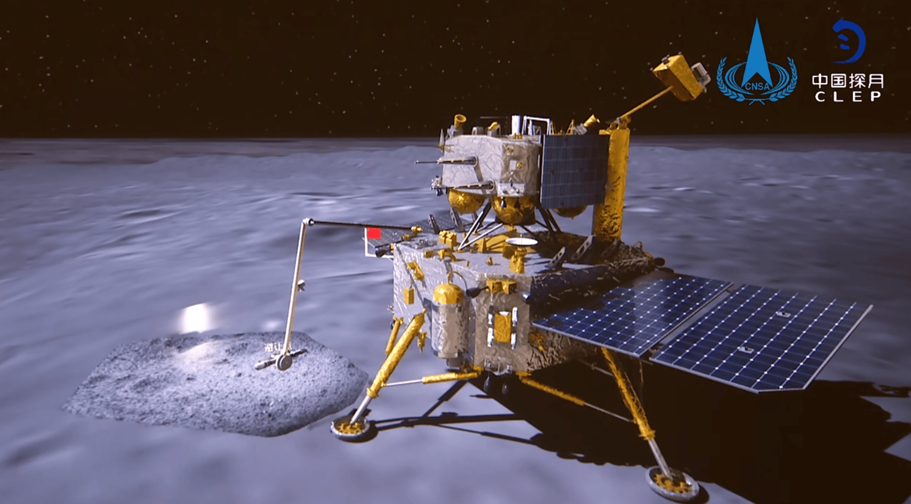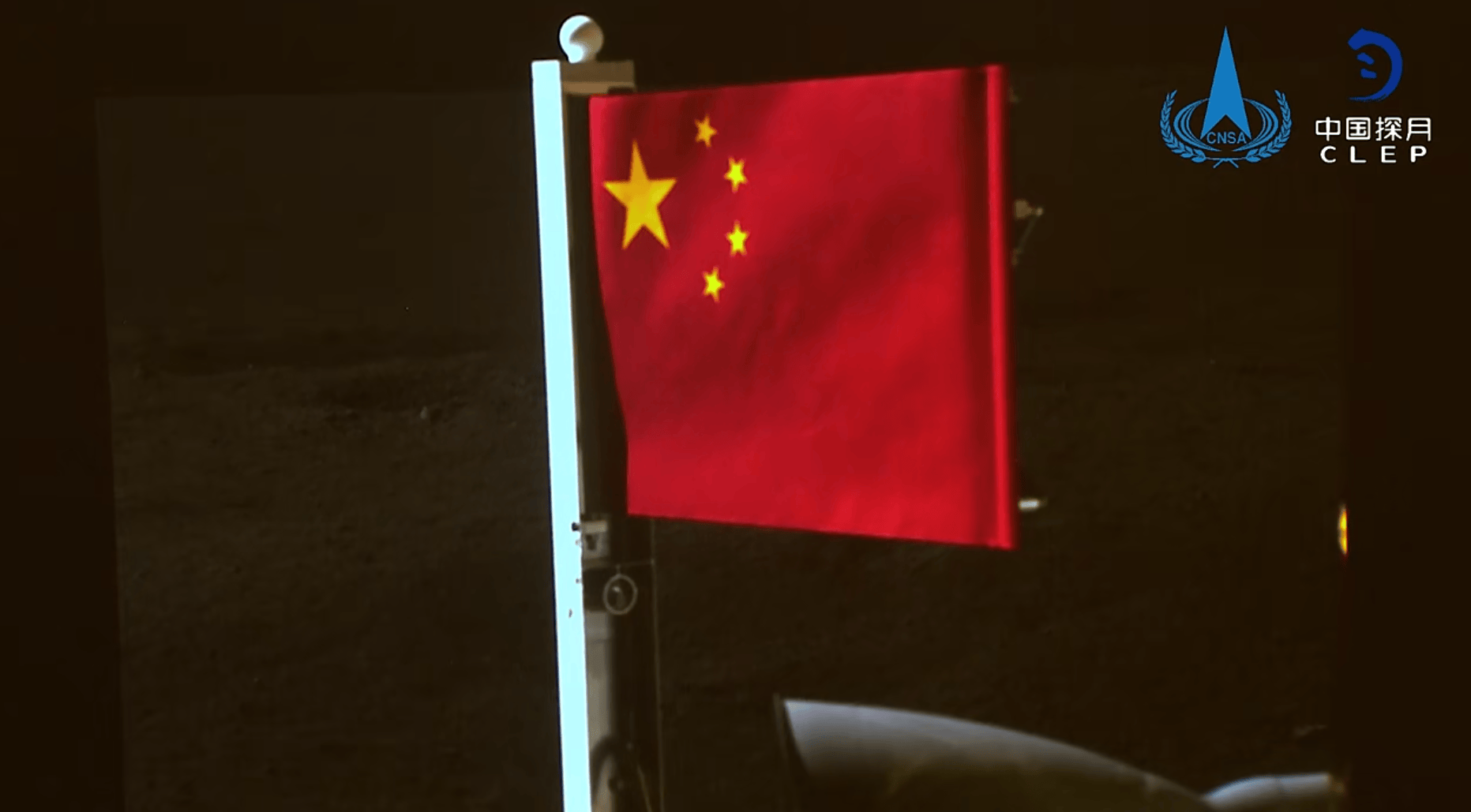 表取完成後,嫦娥六號着陸器攜帶的五星紅旗在月球背面成功展開。這是中國首次在月球背面獨立動態展示國旗。該國旗由新型複合材料和特殊工藝製作而成。由於落月位置不同,嫦娥六號國旗展示系統在嫦娥五號任務基礎上進行了適應性改進。
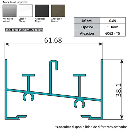 Marco Inferior Ventana VC . Espesor 1.27 Mm Largo 5.85 Mts. Acabado Anodizado Negro VC122
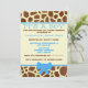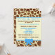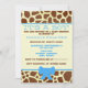 En barnduschinbjudan med en bakgrund av girafftryck på fram- och baksidan. Framsidan har blå trim och blå bog på grund. Anpassa den blå och bruna texten i mitten med information om tillfälle. Leta efter andra giraffa utskrifter på Jill's Paperie.
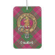 Clan Crawford crest badge surrounded by a strap and buckle over tartan background. Custom text on both sides.
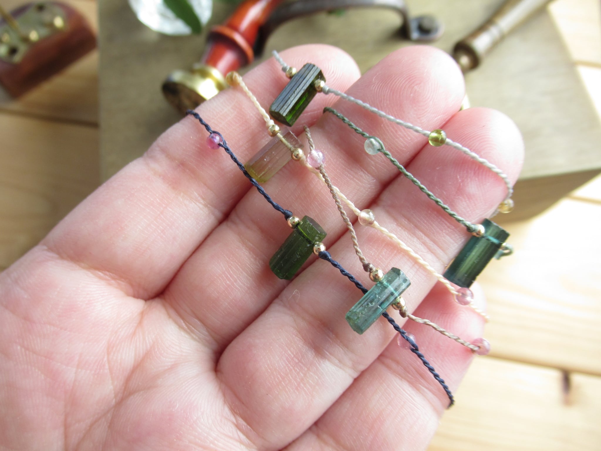 極細でとても軽く丈夫なマクラメコードを使用し、小さくも透明感のあるトルマリンのビーズをちりばめて仕上げております。
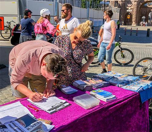 当天来听法轮功学员讲真相的还有很多二十多岁瑞典的年轻人,他们得知自己在自由民主国家长大成人的这段时期,中共竟然用如此残暴卑鄙的手段迫害修炼“真、善、忍”的善良民众,而且这场迫害已经持续了二十多年了,很是震惊、气愤。了解了真相后,他们都主动签名,以此来表达自己制止迫害、支持正义的心愿。
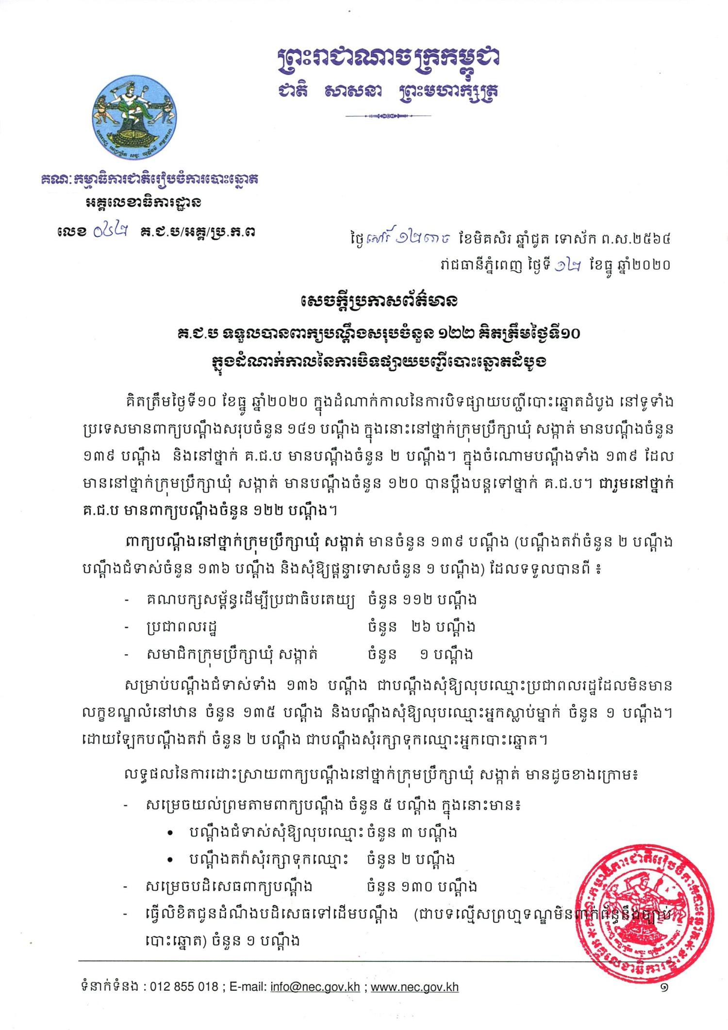 គិតត្រឹមថ្ងៃទី១០ ខែធ្នូ ឆ្នាំ២០២០ ក្នុងដំណាក់កាលនៃការបិទផ្សាយបញ្ជីបោះឆ្នោតដំបូង នៅទូទាំងប្រទេសមានពាក្យបណ្តឹងសរុបចំនួន ១៤១ បណ្តឹង ក្នុងនោះនៅថ្នាក់ក្រុមប្រឹក្សាឃុំ សង្កាត់ មានបណ្តឹងចំនួន ១៣៩ បណ្តឹង និងនៅថ្នាក់ គ.ជ.ប មានបណ្តឹងចំនួន ២ បណ្តឹង។ ក្នុងចំណោមបណ្តឹងទាំង ១៣៩ ដែលមាននៅថ្នាក់ក្រុមប្រឹក្សាឃុំ សង្កាត់ មានបណ្តឹងចំនួន ១២០ បានប្តឹងបន្តទៅថ្នាក់ គ.ជ.ប។ ជារួមនៅថ្នាក់ គ.ជ.ប មានពាក្យបណ្តឹងចំនួន ១២២ បណ្តឹង។

_EXERCISE_
Copy only the lines above from the one containing "Clan Crawford crest" through the one containing "当天来听法轮功学员讲真相的还", both included. Leave out the pictures.

_RESPONSE BELOW_
 Clan Crawford crest badge surrounded by a strap and buckle over tartan background. Custom text on both sides.
 極細でとても軽く丈夫なマクラメコードを使用し、小さくも透明感のあるトルマリンのビーズをちりばめて仕上げております。
 当天来听法轮功学员讲真相的还有很多二十多岁瑞典的年轻人,他们得知自己在自由民主国家长大成人的这段时期,中共竟然用如此残暴卑鄙的手段迫害修炼“真、善、忍”的善良民众,而且这场迫害已经持续了二十多年了,很是震惊、气愤。了解了真相后,他们都主动签名,以此来表达自己制止迫害、支持正义的心愿。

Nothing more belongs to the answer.